# Allergy symptoms coincide with IBS Flares?



## Colt (May 5, 2011)

Been fighting IBS for over two years now, with limited to no success. Have tried everything on this site and have found some short term relief.I am still suspect about my IBS diagnosis, as it seems to be constant. When it first struck, I would have two or three bm's the moment I woke up, all very runny. This is no longer the case, sometimes I do not go all day. My sypmtoms now are flares where I have terrible leakage and burning in my anal area, especially following an afternoon or evening bm.Now the odd part. I have never had allergies in my life, but started getting a very runny nose about the same time as my IBS first showed. Fast forward to now, and often I will get a watery runny nose before I get a flare and during the time when it flares. It seems to be a bit of a predictor of a worse than usual day.Has anyone experienced this? Has anybody tried Claritin or allergy drugs to combat IBS?And, if anytone has a cure for the leakage, I would be eternally grateful as it is the most annoying and limiting symptom I have.


----------



## BQ (May 22, 2000)

Have you read this?http://ibs.about.com/b/2010/09/08/study-antihistamine-ketotifen-helpful-for-ibs.htmAlso have you ever been checked by a proctologist to check for internal hemmies, fissures etc or any other mechanical type anal issues?


----------



## Colt (May 5, 2011)

BQ said:


> Have you read this?http://ibs.about.com/b/2010/09/08/study-antihistamine-ketotifen-helpful-for-ibs.htmAlso have you ever been checked by a proctologist to check for internal hemmies, fissures etc or any other mechanical type anal issues?


Thank you very much for the reply!!My gastro checked me for hemmorhoids and fissures and said there were none. I think there may be, but they are not always there until aggravated by a bm, so he does not see the hems. I have seen that article, but wanted the "real world" answer from the great folks on this board.


----------



## BQ (May 22, 2000)

Have you had a colonoscopy then?


> I have seen that article, but wanted the "real world" answer from the great folks on this board.

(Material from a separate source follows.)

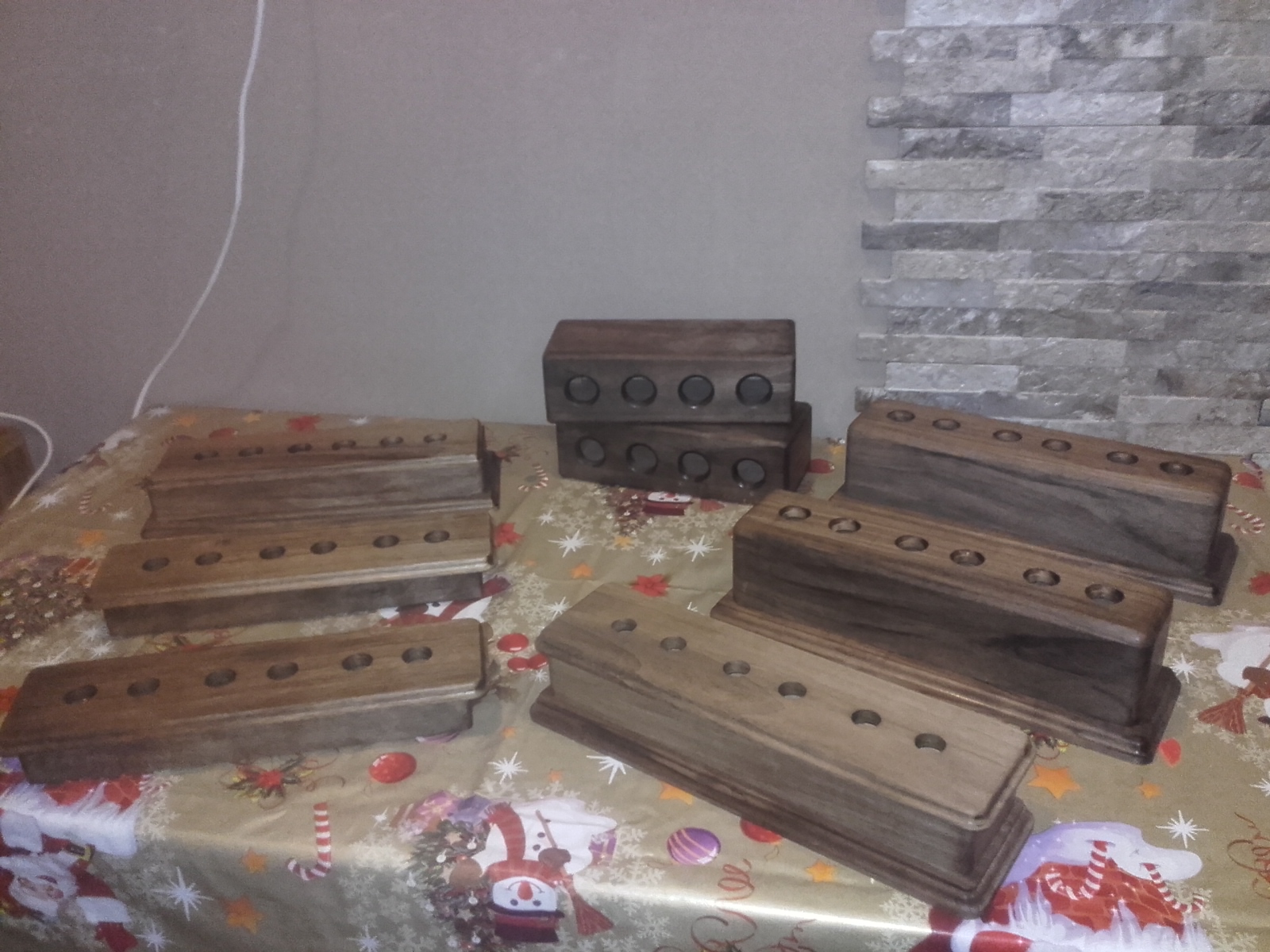 Приключвам годината с тези орехови кутийки за чесовници.От отворите излизат едни стъклени лампи в които свети цифра а електрониката е вътре.Мога да кажа че годината беше успешна доста неща научих и забелязвам че подобрих качеството си на работа.Има още какво да науча и за напред смятам да намаля обема на работа и да наблегна на здравината и точноста на старите зглобки с ръчни инструменти.Весело посрещане на новата година.

 Then search 'antihistamines' here.


----------



## Colt (May 5, 2011)

BQ said:


> Have you had a colonoscopy then?


Sigmoidoscopy, yes. Colonoscopy, no. I have been on the net all day and have found a lot of things relating allergies and IBS. I think that a good part of my problem is anusitis as well. After reading the symptoms of that, it sure seems like that is it. Of course, that comes down to diet as well. My diet is very normal, with the majority of meals being home cooked. Not a lot of junk, not much alcohol.For example, this morning I felt alright, until my bm. Then I felt the urge to go again. When I did, I then got that inflamed feeling and a feeling I had to go again, and leakage/burning/itching. Seems to be a flare of some sort. As the day wears on, it seems to improve. Much like the irritation is causing the feeling that I need to go, which causes more irritation and so on.....I have searched antihistimines here, but many threads are old and I was hoping for some new real-time info.Thanks for replying!!!


----------



## BQ (May 22, 2000)

> I think that a good part of my problem is anusitis as well.


Wow it does sound like what's ailing you!Have you seen this?http://www.coloncentre.com/anusitis.htmlAnorex might help you then! Plus watching the acidity of what you eat! Well that's hopeful.... however.. you might want to get a colonoscopy to just rule out any IBD's too if those treatments don't help.


----------



## Colt (May 5, 2011)

BQ said:


> Wow it does sound like what's ailing you!Have you seen this?http://www.coloncentre.com/anusitis.htmlAnorex might help you then! Plus watching the acidity of what you eat! Well that's hopeful.... however.. you might want to get a colonoscopy to just rule out any IBD's too if those treatments don't help.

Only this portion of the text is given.